ON WRITING, BASEBALL, POETRY, NEWS: A MISCELLANY
It is difficult
To get the news from poems
yet men die miserably every day
for lack
of what is found there.
-- William Carlos Williams, “Asphodel, that Greeny Flower”
Fanaticism? No. Writing is exciting
and baseball is like writing.
You can
never tell with either
how
it will go...
--
Marianne Moore, "Baseball and Writing"
Be simple and clear. -- Be not occult.
Rules for Composition -- A perfectly
transparent, plate-glassy style, artless, with no ornaments, or attempts
at ornaments, for their own sake...and never lugged in to show off.
Clearness, simplicity, no twistified or foggy sentences, at all...
--
Walt Whitman, entries from his early notebooks
We hate poetry that has a palpable design upon us – and if we do
not agree, seems to put its hand in its breeches pocket. Poetry should
be great & unobtrusive, a thing which enters into one’s soul,
and does not startle it or amaze it with itself but with its subject. – How
beautiful are the retired flowers! how would they lose their beauty were
they to throng into the highway crying out, “admire me I am a violet!

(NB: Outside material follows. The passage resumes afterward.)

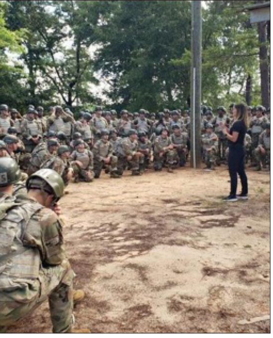
Relationship Building Through Communication FORT BENNING, Ga. – MRT-PEs taught Soldiers how to optimize performances at the range and provided communication skills to strengthen one's relationships, create boundaries, and set expectations.

dote upon me I am a primrose!
--
John Keats, letter to J. H. Reynolds, Feb. 3, 1818
You see what news I can send you I do – we all live one day like
the other as well as you do – the only difference is being sick and
well – with the variations of single and double knocks; and the
story of a dreadful fire in the Newspapers...
--
John Keats, letter to his sister, Fanny, March 13, 1819
Herman has taken to writing poetry. You need not tell anyone, for you
know how such things get around.
--
Herman Melville's wife, Elizabeth, letter to her mother
We have very beautiful bad weather here at present -- rain, wind, thunder
-- but with splendid effects; that's why I like it.
-- Vincent Van Gogh, letter to his brother Theo
I believe in not quite knowing. A writer needs to be doubtful, questioning.
I write out of curiosity and bewilderment...I've learned a lot I could
not have learned if I were not a writer.
--
William Trevor
“We listen for cadence, smoothness and how they have the series
put together," said judge Dale Rohm. Realism, tone and rhythm are
also crucial, other judges said.
-- Washington Post story on the 1996 Maryland turkey-calling
championships
Sometimes, you need to put one right down the middle.
--
Whitey Ford, legendary Yankee curveball pitcher, quoted by Stephen
Dunn, in Walking
Light: Memoirs and Essays on Poetry
You have to keep on the very edge of something, all the time, or the picture
dies.
--Willem de Kooning, New York Times, 1978
For the imagination thrives on ignorance and on the moist moral impress
it takes from new pressures of experience. I am happiest when I have begun
something, when I have pitched into that homely chaos of formal possibility,
when I do not know where I am or where I am headed. It is a happiness like
riding the subway after midnight. Anything can happen, and even if nothing
does we will imagine some surprise or plot, a coincidence or ecstasy of
patterns. In that zone of uncertainty, language feels like a treacherous
ruin, and the task of making poetry, far from being a courtly or schoolish
activity, seems one of elemental clarification, of dusting brittle vestiges
of broken pots and bones in the hope of assembling something -- history,
fact, material, a feeling for what is just and beautiful -- that might
be made whole and true.
--
W.S. Di Piero, from the title essay in Shooting the Works
The search is what anyone would undertake if he were not sunk in the
everydayness of his own life...To become aware of the possibility
of the search is to be onto something. Not
to be onto something is to be in despair.
--
Binx Bolling, 29-year-old stockbroker in Walker Percy's The Moviegoer
Sentences are not different enough to hold the attention unless they
are dramatic. No ingenuity of varying structure will do. All that
can save them is the speaking tone of voice
somehow entangled in the words and fastened to the page for the
ear of the imagination. That is all that can save poetry from sing-song,
all that can save prose from itself.
--
Robert Frost
Voom is so hard to get. You never saw anything like it I bet.
--
Dr. Seuss, The Cat in the Hat Comes Back
If I knew how to write a poem, I wouldn’t.